● WHAT TO DO: Produce a word-for-word copy of the data that follows, excluding images.

[INFORMATION — start]

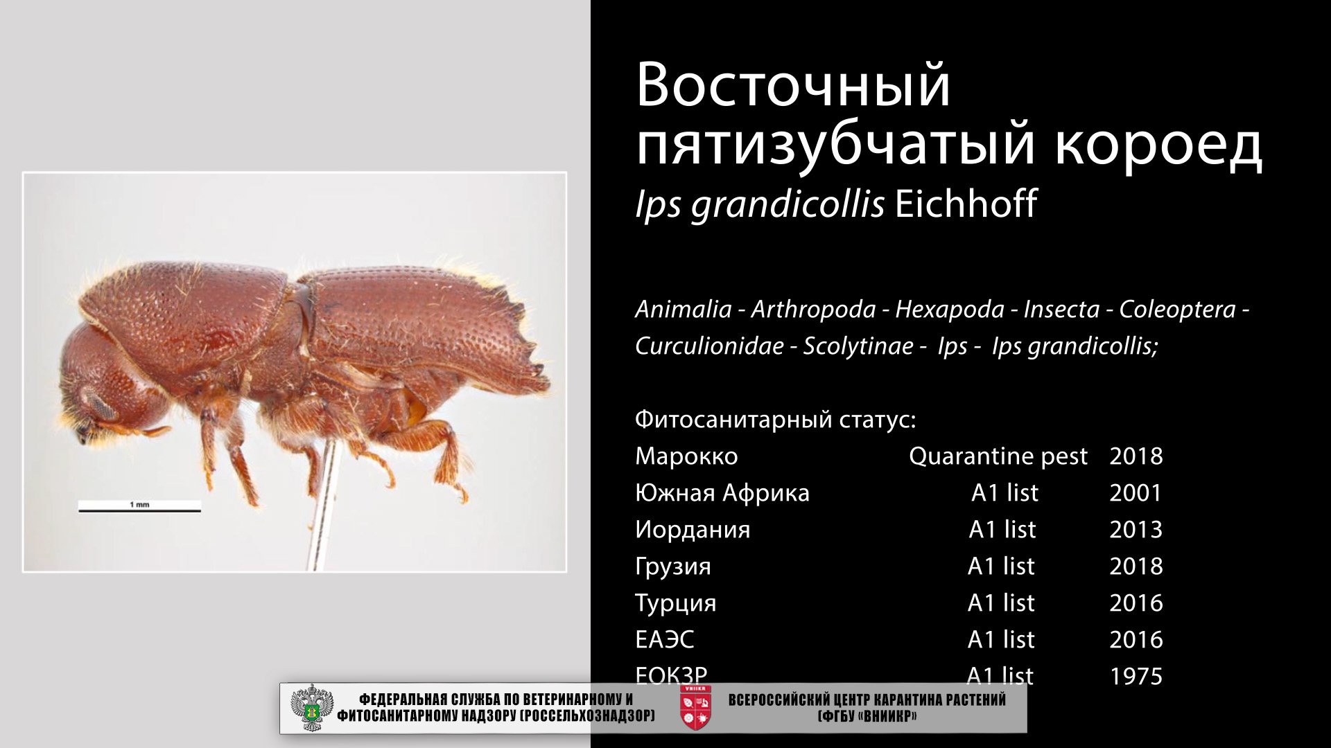 Восточный пятизубчатый короед (Ips grandicollis Eichhoff)
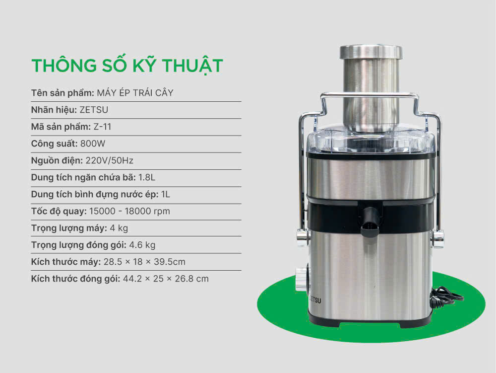 Nếu bạn cần một máy ép trái cây nhanh, mạnh mẽ, bền bỉ, phù hợp kinh doanh, ZETSU Z-11 chính là lựa chọn lý tưởng! ?
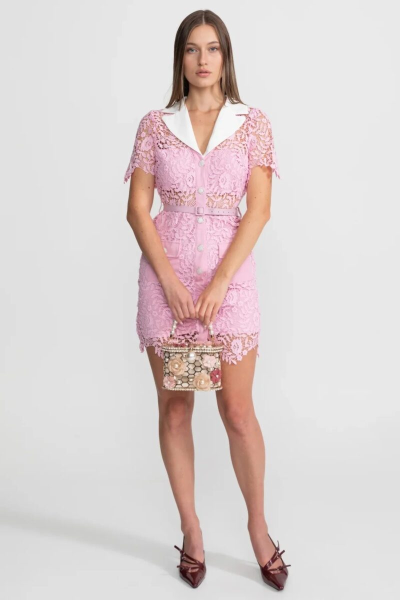 Această rochie mini redefinește eleganța clasică printr-o combinație texturată de dantelă și detalii moderne. Croiala cambrată este evidențiată de o curea subțire în talie, realizată din piele ecologică mată, care armonizează silueta.
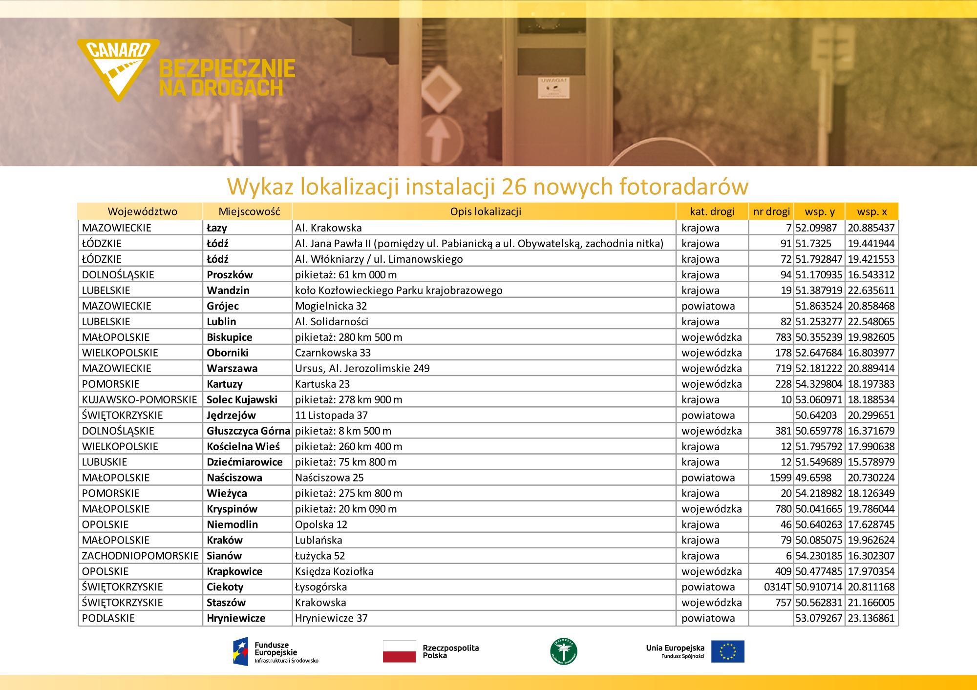 Zakup i instalacja 26 fotoradarów to pierwszy etap rozbudowy systemu fotoradarowego CANARD w ramach realizacji projektu "Zwiększenie skuteczności i efektywności systemu automatycznego nadzoru nad ruchem drogowym". Jest on współfinansowany ze środków Unii Europejskiej, w ramach Programu Operacyjnego Infrastruktura i Środowisko 2014-2020. Rozbudowa i modernizacja systemu ma wpłynąć na poprawę bezpieczeństwa ruchu drogowego. Realizacja projektu obejmie zasięgiem wszystkie kategorie dróg publicznych. Działania, zaplanowane w ramach zwiększenia skuteczności i efektywności systemu, uwzględniają włączenie do niego urządzeń najnowszej generacji.
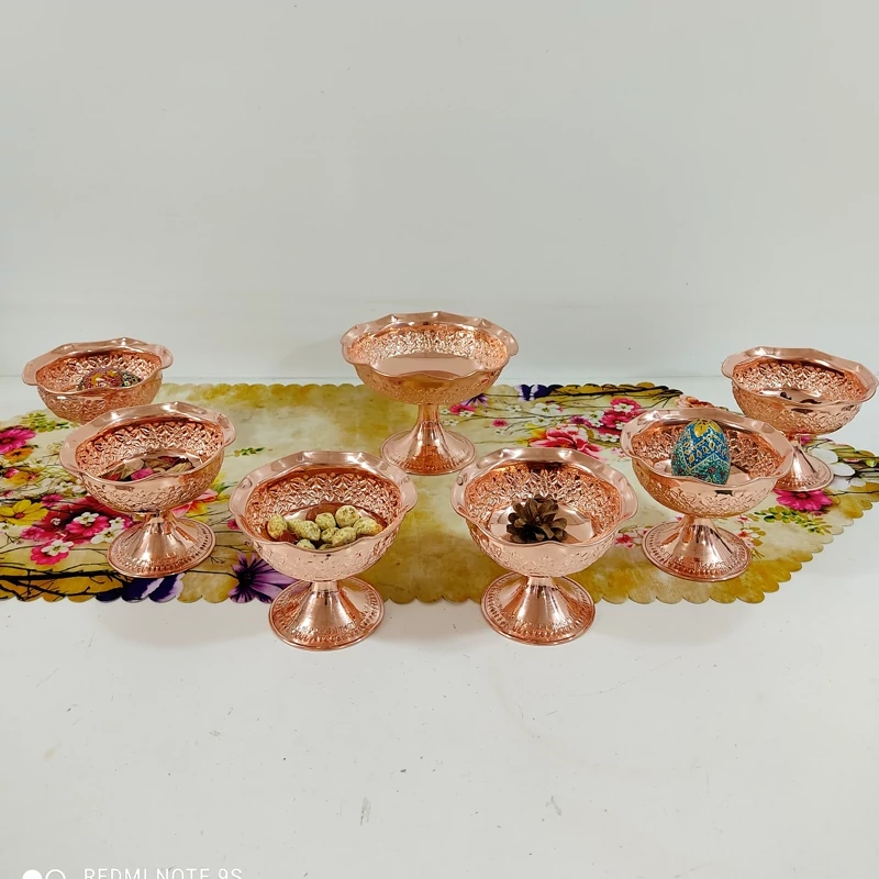 اگر به دنبال ترکیبی از اصالت ایرانی، کیفیت بالا و جلوهای چشمنواز در سفره و پذیراییتان هستید، این ست شش عددی پیاله تک پایه مسی با طرح گل برجسته دقیقاً همان چیزیست که میخواهید. این پیالهها از مس ناب زنجان با ظرافت و دقت بالا ساخته شدهاند و طراحی آنها با گلهای برجسته، یادآور هنر اصیل ایرانیست. هر پیاله دارای یک پایهی زیباست که علاوه بر زیبایی، کاربردی هم هست و استفاده از آن را راحتتر میکند.

[INFORMATION — finish]

● COMPLETED EXERCISE:
 Восточный пятизубчатый короед (Ips grandicollis Eichhoff)
 Nếu bạn cần một máy ép trái cây nhanh, mạnh mẽ, bền bỉ, phù hợp kinh doanh, ZETSU Z-11 chính là lựa chọn lý tưởng! ?
 Această rochie mini redefinește eleganța clasică printr-o combinație texturată de dantelă și detalii moderne. Croiala cambrată este evidențiată de o curea subțire în talie, realizată din piele ecologică mată, care armonizează silueta.
 Zakup i instalacja 26 fotoradarów to pierwszy etap rozbudowy systemu fotoradarowego CANARD w ramach realizacji projektu "Zwiększenie skuteczności i efektywności systemu automatycznego nadzoru nad ruchem drogowym". Jest on współfinansowany ze środków Unii Europejskiej, w ramach Programu Operacyjnego Infrastruktura i Środowisko 2014-2020. Rozbudowa i modernizacja systemu ma wpłynąć na poprawę bezpieczeństwa ruchu drogowego. Realizacja projektu obejmie zasięgiem wszystkie kategorie dróg publicznych. Działania, zaplanowane w ramach zwiększenia skuteczności i efektywności systemu, uwzględniają włączenie do niego urządzeń najnowszej generacji.
 اگر به دنبال ترکیبی از اصالت ایرانی، کیفیت بالا و جلوهای چشمنواز در سفره و پذیراییتان هستید، این ست شش عددی پیاله تک پایه مسی با طرح گل برجسته دقیقاً همان چیزیست که میخواهید. این پیالهها از مس ناب زنجان با ظرافت و دقت بالا ساخته شدهاند و طراحی آنها با گلهای برجسته، یادآور هنر اصیل ایرانیست. هر پیاله دارای یک پایهی زیباست که علاوه بر زیبایی، کاربردی هم هست و استفاده از آن را راحتتر میکند.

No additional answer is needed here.